Noticing some bones on the ground close by, she immediately settles down to chew on the bones with her back to the approaching cat. Just as the leopard is about to leap, the old poodle exclaims loudly, "That was one delicious leopard! I wonder if there are any more around here?"
Hearing this, the young leopard halts his attack in mid-strike, a look of terror comes over him and he slinks away into the trees. "Whew!", says the leopard, "That was close! That old poodle nearly had me!"
Meanwhile, a monkey who had been watching the whole scene from a nearby tree, figures he can put this knowledge to good use and trade it for protection from the leopard. The old poodle sees him heading after the leopard at great speed, and figures that something must be up. The monkey soon catches up with the leopard, spills the beans and strikes a deal for himself with the leopard.
The young leopard is furious at being made a fool of and says, "Here, monkey, hop on my back and see what's going to happen to that conniving canine!"
The old poodle sees the leopard coming with the monkey on his back. Instead of running, she sits down with her back to her attackers, pretending she hasn't seen them yet. Just when they get close enough to hear, the old poodle says: "Where's that damn monkey? I sent him off an hour ago to bring me another leopard!"
Moral of this story: age and treachery will always overcome youth and skill! Bull and brilliance only come with age and experience!
Aunt Mary and two of her old friends were having a glass of lemonade at her house, and talking about their health problems.
"I think I must be getting old," said one of the women. "I sometimes find myself at the foot of the stairs, and I can't remember if I was going up to get something, or coming back down."

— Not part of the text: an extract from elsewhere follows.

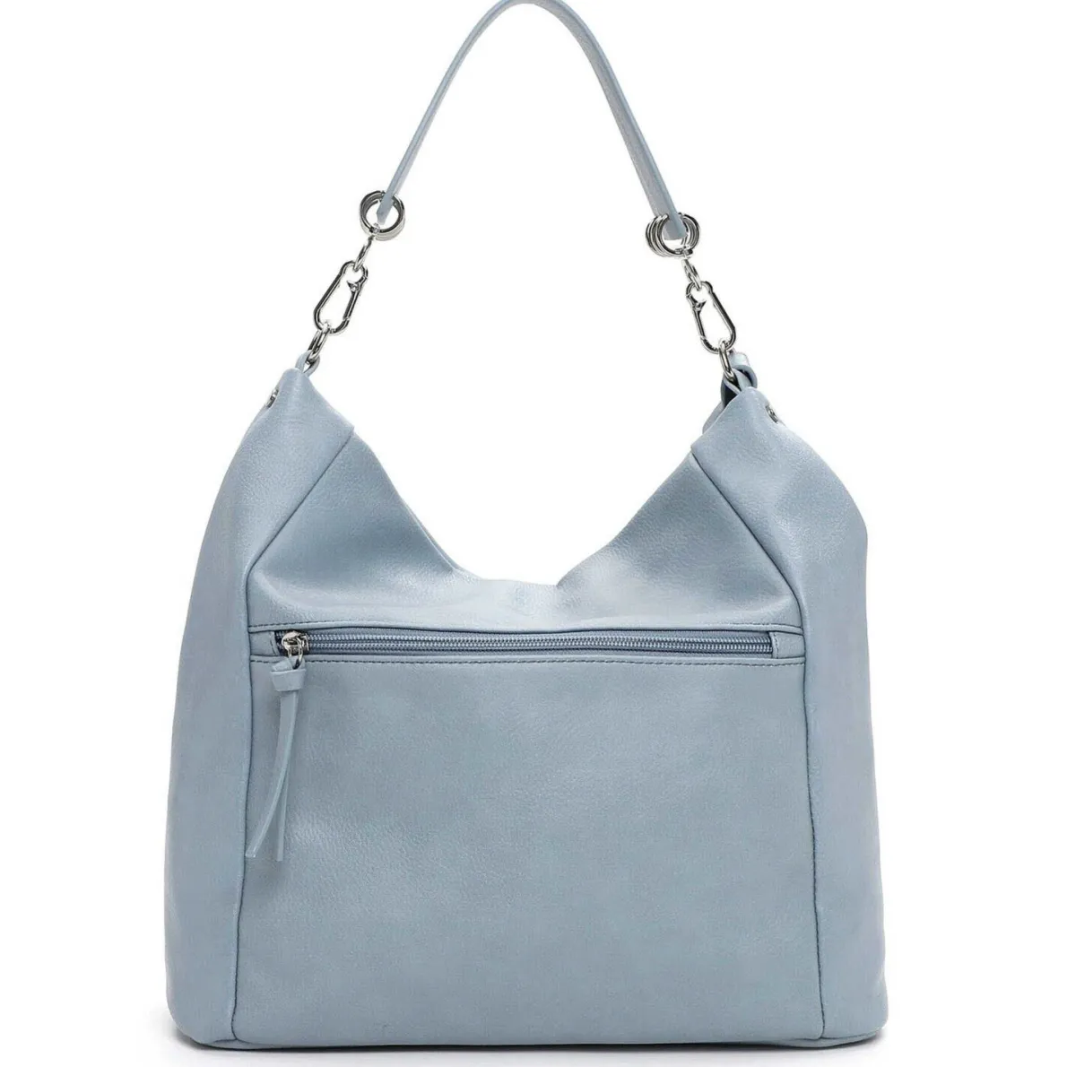 Die Felice ist eine Damen Schultertasche von Tamaris aus hochwertigem Kunstleder in Crystal Blau. Die authentische Narbung des Kunstleders und der schicke Anhänger mit Tamaris Logo machen die Handtasche zu etwas ganz Besonderem. Das Hauptfach kann durch einen Reißverschluss geöffnet werden und der stabile Taschenboden sorgt für einen festen Stand. Die Handtasche bietet Platz für alle Dinge, auf die du im Alltag oder beim Shopping nicht verzichten möchtest. Durch den mitgelieferten Umhängegurt kann die Handtasche auch crossover getragen werden.

"I know what you mean," added the second friend. "Sometimes I'll be standing I front of the refrigerator, and I can't remember if I wanted to take something out, or if I had just put something in."
Aunt Mary sat up. "I guess I'm better off than either of you. I haven't had any problems like that so far, knock on wood". Saying that, she rapped on the table three times.
She looked at the other two women and stood up. "Excuse me," she said, "Someone's at the door."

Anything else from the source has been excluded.